Lastly, when comparing MFN Duty-free i.e. the share of duty-free HS six-digit subheadings in the total number of subheadings in the product group for these two years, it is noted that in 2017 the commodity with the highest duty-free percentage was electrical machinery (14.8%), followed by cereals & preparations (13.2%) and other agricultural products (7.4%). In 2022, the commodity with the highest duty-free % was cotton (80%), followed by petroleum (16.7%) and electrical machinery (16.2%). The MFN Duty-free for electrical machinery registered a growth of 9.45%, while the MFN duty-free for cereals & preparation and other agricultural products increased to 15.4% and 13.6% respectively.
Moving ahead from the analysis of export tariffs across products from India, the next section deals with tariffs levied on India’s exports by its top trading partners.
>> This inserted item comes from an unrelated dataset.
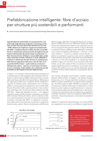 TECNICA DEL CALCESTRUZZO38 C&PI %u2013 Calcestruzzo & Prefabbricazione International %u2013 5 | 2025 www.cpi-worldwide.comApprofondimenti sperimentali sul comportamento e sul potenziale degli elementi strutturali in calcestruzzo rinforzato con fibre d%u2019acciaio (Steel Fibre Reinforced Concrete - SFRC). Ridurre per migliorare: l%u2019approccio prestazionale del SFRC: L%u2019implementazione di fibre d%u2019acciaio nei prefabbricati in calcestruzzo armato permette di migliorare le prestazioni ottimizzando allo stesso tempo la produzione. Le fibre d%u2019acciaio Dramix di Bekaert, riconoscibili dalla caratteristica estremit%u00e0 uncinata, rinforzano in modo affidabile le strutture in calcestruzzo da oltre 50 anni. La combinazione delle diverse sagomature dell%u2019uncino (3D, 4D, 5D) con le propriet%u00e0 del filo di base %u2014 quali resistenza a trazione e allungamento ultimo %u2014 assicura un meccanismo di rottura sicuro e controllato, di tipo duttile, che contribuisce sia alla durabilit%u00e0 sia all%u2019integrit%u00e0 strutturale degli elementi.Le Figure 1 e 2 mostrano l%u2019influenza dei diversi parametri sul comportamento e sulle prestazioni del calcestruzzo fibrorinforzato con fibre d%u2019acciaio (SFRC), utilizzando le fibre uncinate delle serie Dramix 3D, 4D e 5D. Queste fibre si differenziano per sagomatura dell%u2019uncino, resistenza del filo, lunghezza e rapporto di snellezza (L/d), caratteristiche che le rendono adatte a un%u2019ampia gamma di applicazioni, dal controllo delle fessure all%u2019aumento della capacit%u00e0 portante. Come evidenziato nella Figura 2A, l%u2019incremento della resistenza allo sfilo della fibra %u2014 legata alla tipologia di uncino %u2014 e la maggiore capacit%u00e0 a trazione del filo d%u2019acciaio comportano un aumento delle resistenze flessionali residue, ossia la resistenza a flessione post-fessurazione misurata con prove standardizzate secondo la normativa EN 14651. La resistenza a compressione della matrice di calcestruzzo %u00e8 anch%u2019essa un parametro fondamentale, poich%u00e9 influisce direttamente sull%u2019efficienza dell%u2019ancoraggio delle fibre. Il progettista dispone di un%u2019ampia gamma di fibre Dramix tra cui selezionare quella pi%u00f9 adatta a bilanciare l%u2019aderenza alla matrice con le propriet%u00e0 meccaniche e la capacit%u00e0 di allungamento del filo. La Figura 2B mette in evidenza l%u2019influenza della geometria della fibra, mostrando che a parit%u00e0 di lunghezza (ad esempio L = 60 mm), un diametro inferiore %u2014 e quindi un rapporto L/d pi%u00f9 elevato %u2014 si traduce in prestazioni superiori, come nel caso delle fibre Dramix 4D. Nel caso specifico delle fibre Dramix 4D 80/60 (L = 60 mm, d = 0,75 mm) impiegate in un calcestruzzo classe C32/40, la Figura 2C dimostra come l%u2019aumento della dose di fibre, ovvero del numero di fibre nel volume di controllo, migliori significativamente le prestazioni meccaniche. Infine, la Figura 2D evidenzia come la capacit%u00e0 flessionale residua aumenti in funzione della resistenza a compressione del calcestruzzo.Una recente campagna sperimentale, condotta congiuntamente dall%u2019Universit%u00e0 di Cagliari e da Bekaert (Puppio, Di Giacinto, et al., %u201cPrecast steel-fiber reinforced concrete (SFRC) on beams: Results from an experimental campaign,%u201d doi: 10.1016/j.engstruct.2025.120738), ha analizzato come la sostituzione parziale dell%u2019armatura tradizionale con fibre d%u2019acciaio possa migliorare significativamente il comportamento strutturale degli elementi prefabbricati in calcestruzzo. I risultati sono particolarmente promettenti per progettisti e produttori interessati a ridurre la congestione delle armature, accelerare i tempi di produzione e aumentare le prestazioni meccaniche.Sebbene il calcestruzzo fibrorinforzato con acciaio (SFRC) non rappresenti una novit%u00e0, la sua diffusione negli elementi Prefabbricazione intelligente: fibre d%u2019acciaio per strutture pi%u00f9 sostenibili e performantiNV Bekaert SA, 8550 Zwevegem, Belgion Danilo Di Giacinto, Global Technical & Business Development Manager, Bekaert & Falconix EngineeringFig. 1: Fibre d%u2019acciaio Dramix per il rinforzo del calcestruzzo: resistenza del filo e geometria dell%u2019uncino con riferimento alle serie 3D, 4D e 5D

It includes information related to tariffs on agricultural and non-agricultural products in the years 2017 and 2022.
Part B: Exports to India’s major trading partners and duties faced
The figure 4 above shows India’s top trading partners for 2017 and 2022. In 2017, the European Union (EU), USA, Saudi Arabia, UAE, and Bangladesh were top 5 trading partners in agriculture. However, the scenario was shuffled in 2022 as the USA became the top trading partner before the EU, followed by the UAE, and lastly, China.
In general, as can be seen, tariffs over non-agricultural products are less than agricultural products. These tariffs are simple averages of MFN traded tariff line in percentages. Except Saudi Arabia, who has reduced tariffs on agricultural products from 13.9% to 8.1%, all other top trading partners of India have increased the tariffs from 2017 to 2022.
In 2022, among top 5 trading partners China imposes the highest tariffs over agricultural products from India at the rate of 13.8%, followed by the EU with 13%.
In terms of non-agricultural products, the USA and the EU held top two positions for both years. China came on to third position in 2022 from fifth in 2017. The UAE and Hong Kong were dropped by one-one rank each in 2022 from third and fourth to fourth and fifth respectively.
Further, one does not see changes in most of India’s trading partners with respect to tariffs on non-agricultural products. From 2017 to 2022, they have been constant for the USA (4.3%), the EU (4.5%), UAE (4.6%), Hong Kong (0%). However, China has reduced the tariff charges from 9.5% in 2017 to 6.1%.
Understanding tariff rates shows India’s export basket is tilted towards agricultural products that have to be diversified. Also, from looking at India’s top 5 trading partners and if India holds the same position in those respective countries’ trade partners list (for 2022), it was found that the case is not the same. India is one of the top five trading partners of non-agricultural products for Hong Kong, Saudi Arabia, and for UAE both agricultural and non-agricultural products. India is not among the top five trading partners for the USA, EU, and China neither for agricultural products nor for non-agricultural products.
This is a clear indication for India to expand its partnerships. As India’s trade potential lies in exploring the geo-economics dimension not just across nations but also across products.